Чамп! Чавкает ужасный резак; в моем мозгу возникает образ жаждущего крови Виньерона. И тут заявляется Кент.
– Привет! – Да пошел ты со своим «приветом», Кент! – Привет! Вы видели новый материал? На этот раз он точно схватил это.
– Схватил что, Кент?
– В отснятых кадрах потрясающий свет. Холодает. Даже погода против них. Да, он умеет снимать клевое кино. Понимаеш его долбаная камера предвидит конец.

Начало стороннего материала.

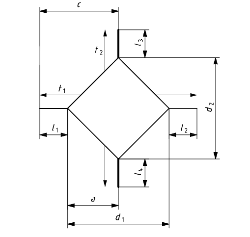 如圖所示,理想的裂紋輪廓有一個裂紋從每個尖角處延伸
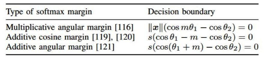 如图 8 所示,这个余量可以有效地增大类别之间的区分程度以及各自类别之内的紧凑性。根据将该余量整合进损失的方式,研究者们已经提出了多种可用方法 [116,119-121]。比如 [116] 中对权重向量进行了归一化以具有单位范数,这样使得决策边界仅取决于角度 θ_1 和 θ_2。[119,120] 中则提出了一种加性余弦余量。相比于乘法余量 [135,116],加性余量更容易实现和优化。在这项工作中,除了归一化权重向量,特征向量也如 [115] 中一样进行了归一化和比例调整。[121] 中提出了另一种加性余量,它既有 [119,120] 那样的优点,还有更好的几何解释方式,因为这个余量是加在角度上的,而不是余弦上。表 2 总结了有余量的 softmax 损失的不同变体的决策边界。这些方法是人脸识别领域的当前最佳。

– Но с чего ты взял, что что‑то должно случиться, Кент?
Вместе с потоком холодного воздуха в комнату вваливается Ральф. Тюленьи ботинки, арктические рукавицы, эскимосская парка, хотя еще только осень. Трудно представить себе Ральфа в тропическом климате: ему пришлось бы менять свой меховой имидж. Он мог бы надеть плетеную хламиду из прутьев и соломы и обернуться тростником: ни дать ни взять гигантская корзина!
– Привет! – говорит ему Кент. – Вчера вечером я видел «Белые колени».
– Чьи? – спрашивает Ральф. Мы все знаем, что Кент не слишком скор умом.
– Да ты же знаешь, – настаивает Кент. – «Белые колени» – это новый фильм Гронтца.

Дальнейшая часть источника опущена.